On the set, it seems at first sight that none of the actors have changed much. They all (bar Amita Dhiri who is not involved today) look surprisingly fresh-faced and young, and you sense the chemistry born of shared experience. Lincoln clowns around, his laughter infectious. Hughes is understated, engaging, down to earth. Perhaps Davenport is the most altered. His hair is an expensively caressed mullet, not unlike Pat Cash's barnet. He is a man in a hurry, self-possessed, confident, and rather like Miles in his desire to flirt and tease Nardini. His character's look and tan says (omega) comfort, wealth, "I've made it". And the actor's self-assured manner points to his time spent with the likes of Johnny Depp and Matt Damon. But Nardini is still the one that catches the eye. Luckily for her, Anna's dress sense has taken a turn for the better - she is elegant in black, and beautiful now rather just striking.

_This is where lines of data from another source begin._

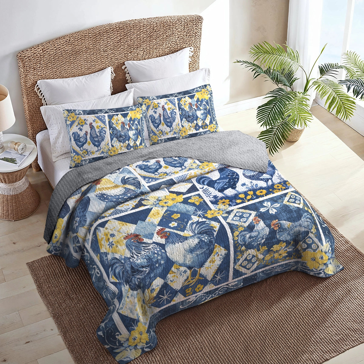 Shineful All Season Quilt 3-Piece Set Blue Rooster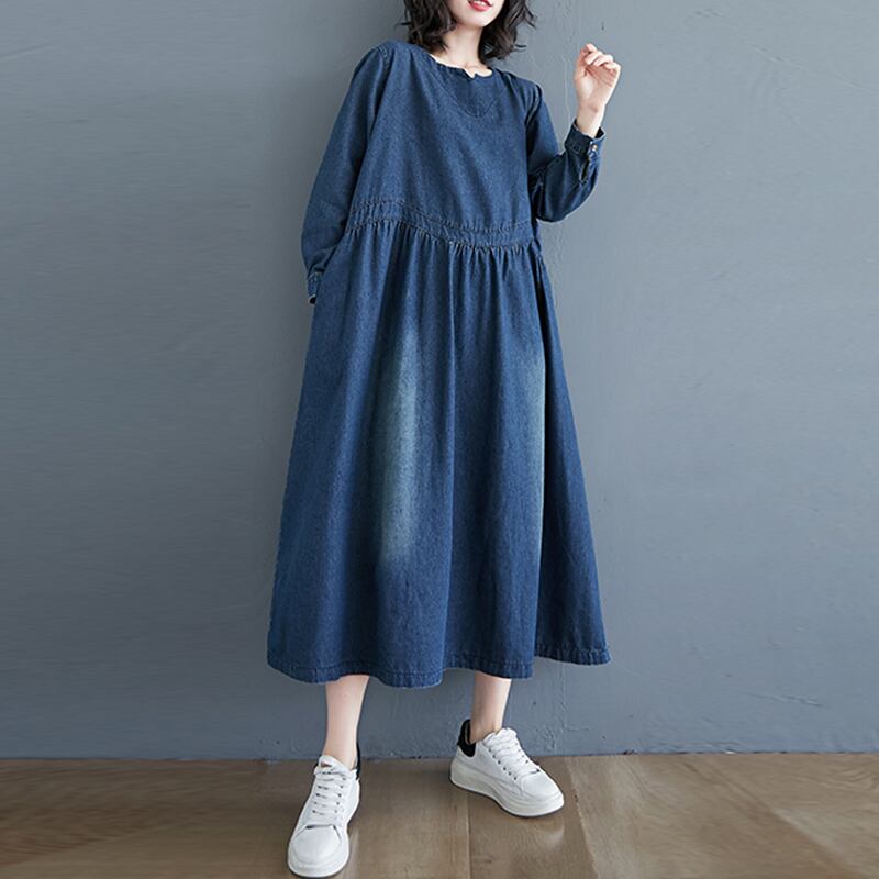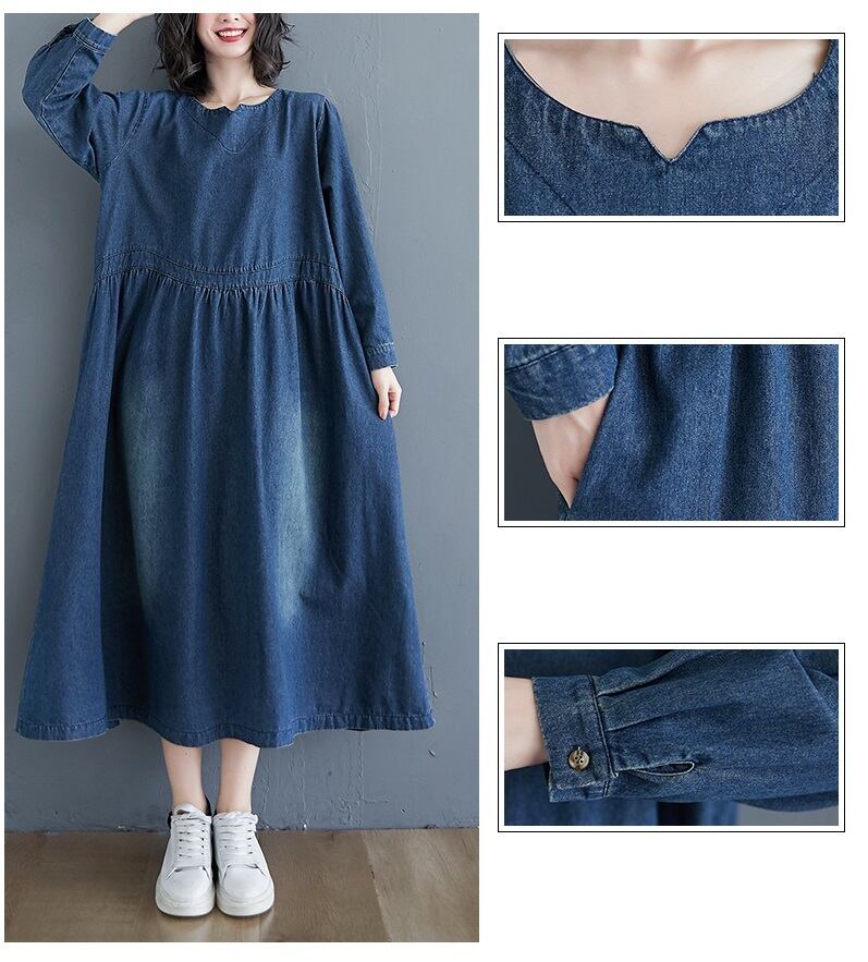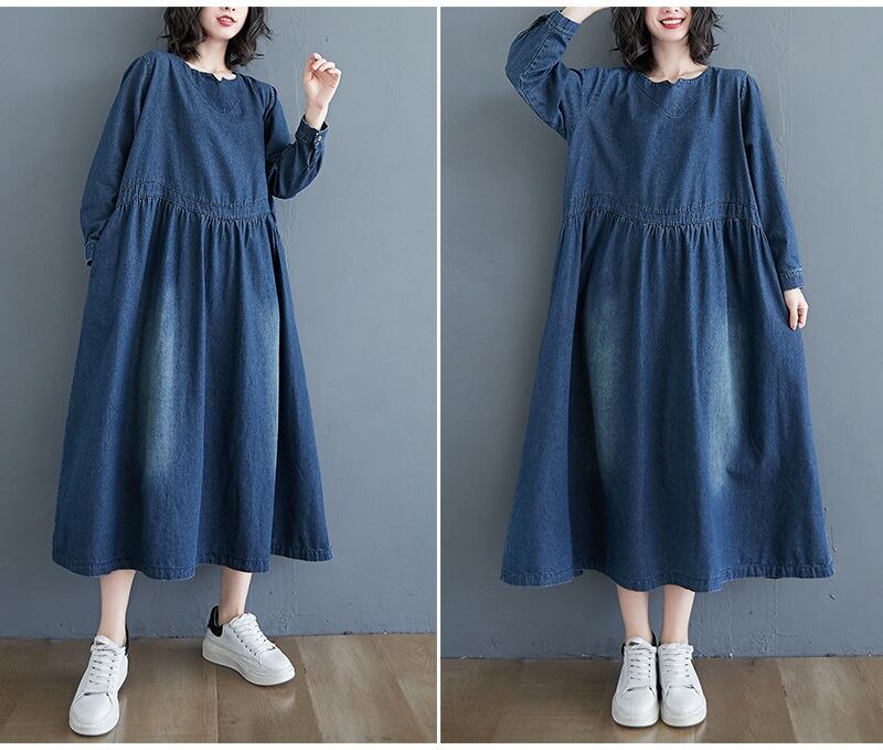 【送料無料】 デニム ワンピース レディース ミモレ丈 ワンピ 長袖 フレアスカート 無地 ラウンドネック Vネック 袖あり ゆったり ワンピース 大きいサイズ XL 2XL おしゃれ 大人可愛い 体型カバー 個性的 レトロ フェミニン きれいめ シンプル オーバーサイズ プラスサイズ 襟なし ブルー 青 重ね着 大人かわいい こなれ感 ママ ファッション 大人カジュアル 休日 公園デビュー お出かけ 主役級 10代 20代 30代 40代 春 夏 トレンド 抜け感 楽ちん だぼだぼ db1464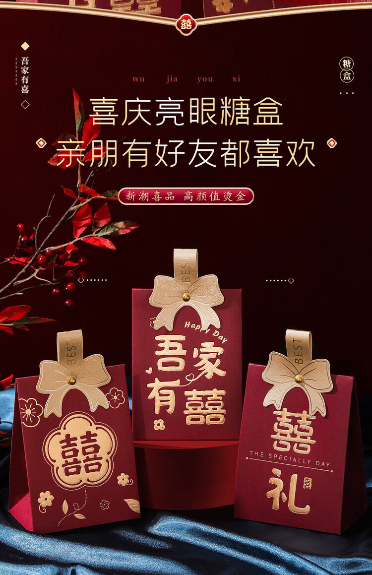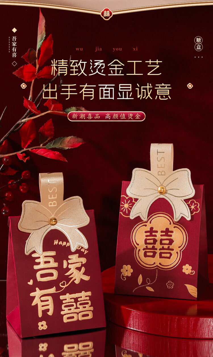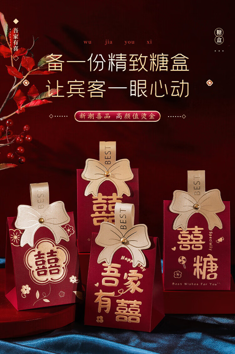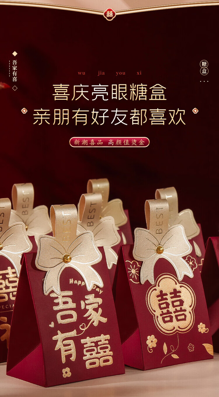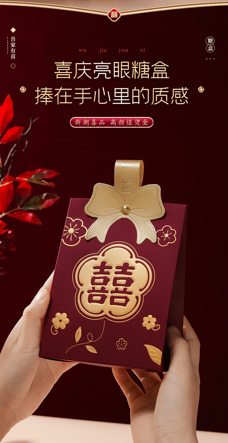OYKTN结婚喜糖盒子2026新款婚礼高级伴手礼盒空盒包装盒订婚手提糖果袋 酒红磨砂B【囍-百年好合】 小号【10个】

It turns out that Lawson, who is much taller in real life than you might imagine, was a fan of This Life and watched every episode. When the scene begins, he sounds just as he would on Newsnight Review, while Egg has become a bit pompous. Nardini's voice retains its gravelly charm, and when she asks a question her enunciation of the phrase "sexual appetites" seems to echo around the library. The take finishes and Lincoln jumps up to mop his brow. Garnett looks down from the staircase like a proud father, while behind me a soundman mutters "not bad for no rehearsals".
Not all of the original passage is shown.